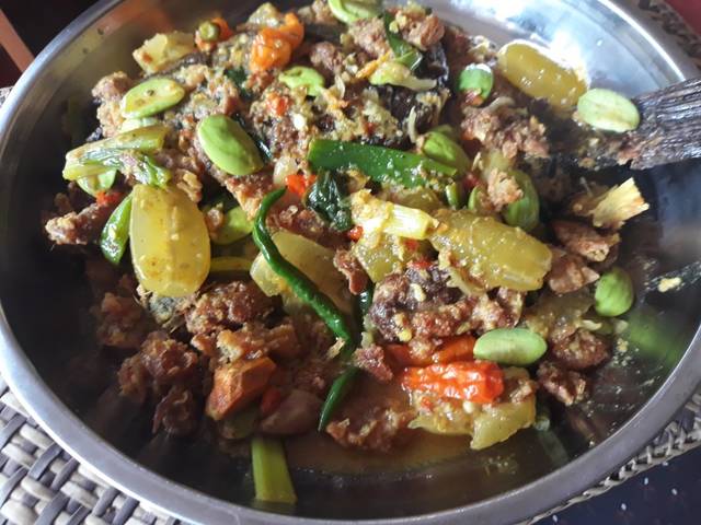 Tambahkan air. masak sampai mendidih. kemudian masukkan ikan dan masak sampai air menyusut. masukkah pete. masak kira-kira 3 menit. koreksi rasa. siap disantap
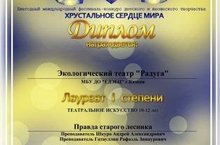 Поздравляем ребят объединения «Экологический театр «Радуга» с диплом Лауреата I степени международного фестиваля «Хрустальное сердце мира» за исполнение пьесы «Правда старого лесника» по мотивам рассказа М.М. Пришвина «Кладовая Солнца»
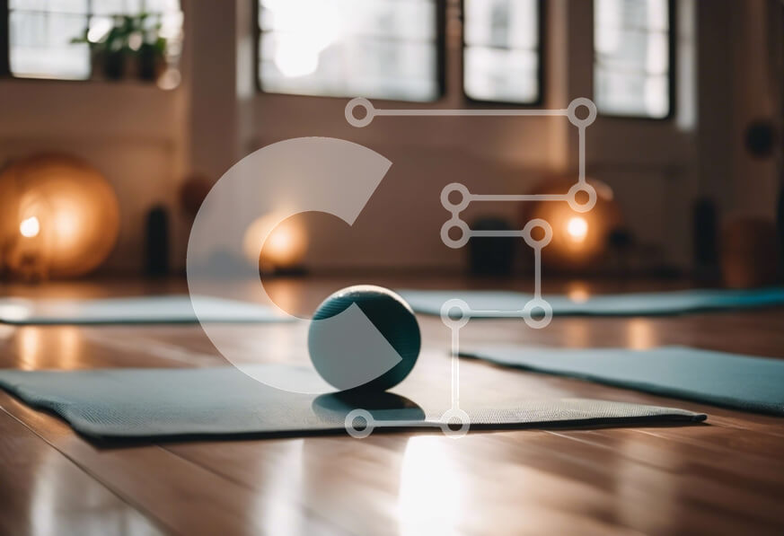 Intra Συλλεκτικό Ξύλινο Παζλ Plywood 4mm - Στούντιο γιόγκα με μπλε μπάλα γυμναστικής Σε Ξύλινο Κουτί - Διαστάσεις Puzzle: 10x10 cm – 25 κομμάτια
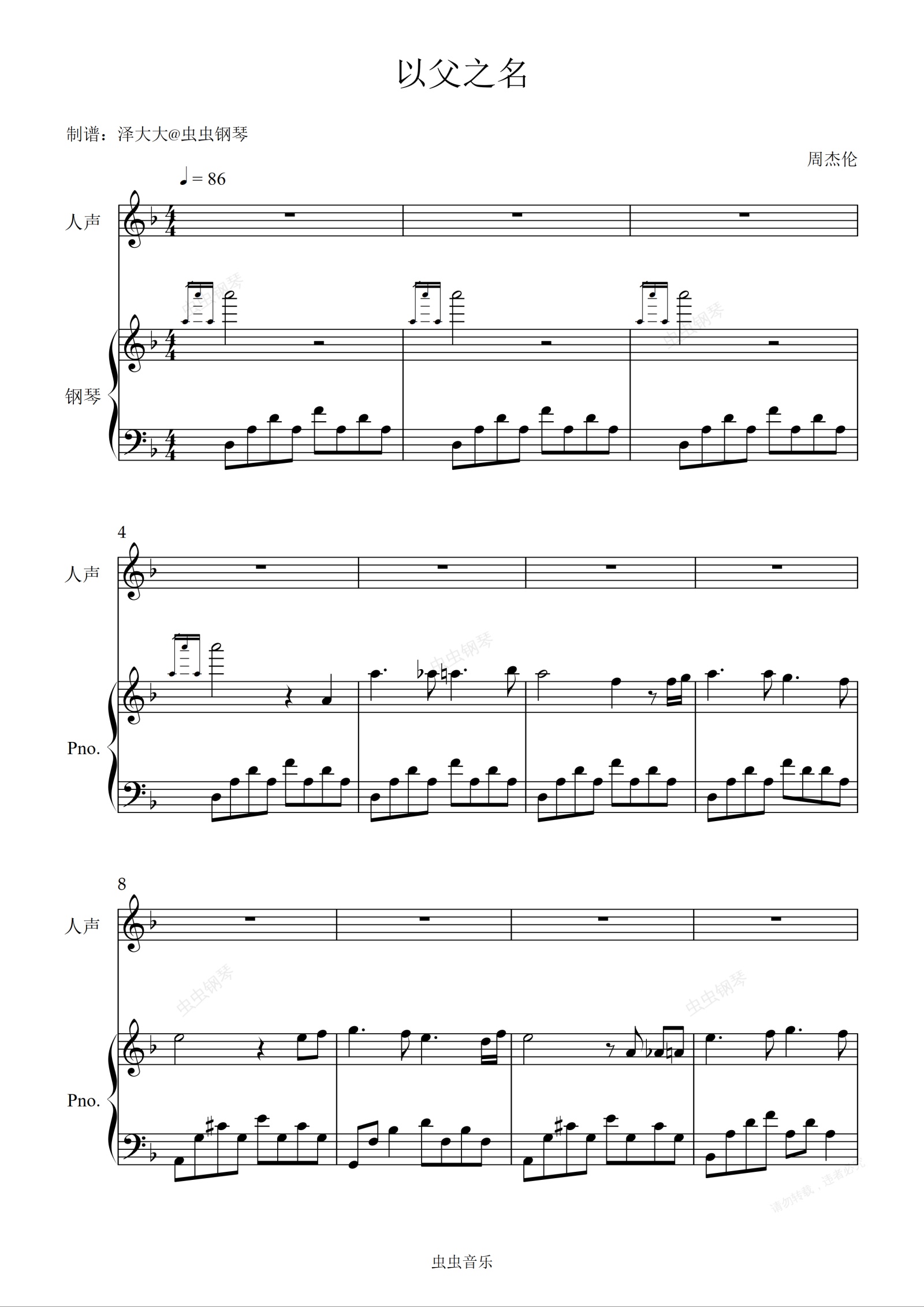 钢琴谱:以父之名【原版弹唱附词】泽大大 周杰伦

BRIEF>
An exact transcription of the data above is needed, without the pictures.

TASK RESULT>
 Tambahkan air. masak sampai mendidih. kemudian masukkan ikan dan masak sampai air menyusut. masukkah pete. masak kira-kira 3 menit. koreksi rasa. siap disantap
 Поздравляем ребят объединения «Экологический театр «Радуга» с диплом Лауреата I степени международного фестиваля «Хрустальное сердце мира» за исполнение пьесы «Правда старого лесника» по мотивам рассказа М.М. Пришвина «Кладовая Солнца»
 Intra Συλλεκτικό Ξύλινο Παζλ Plywood 4mm - Στούντιο γιόγκα με μπλε μπάλα γυμναστικής Σε Ξύλινο Κουτί - Διαστάσεις Puzzle: 10x10 cm – 25 κομμάτια
 钢琴谱:以父之名【原版弹唱附词】泽大大 周杰伦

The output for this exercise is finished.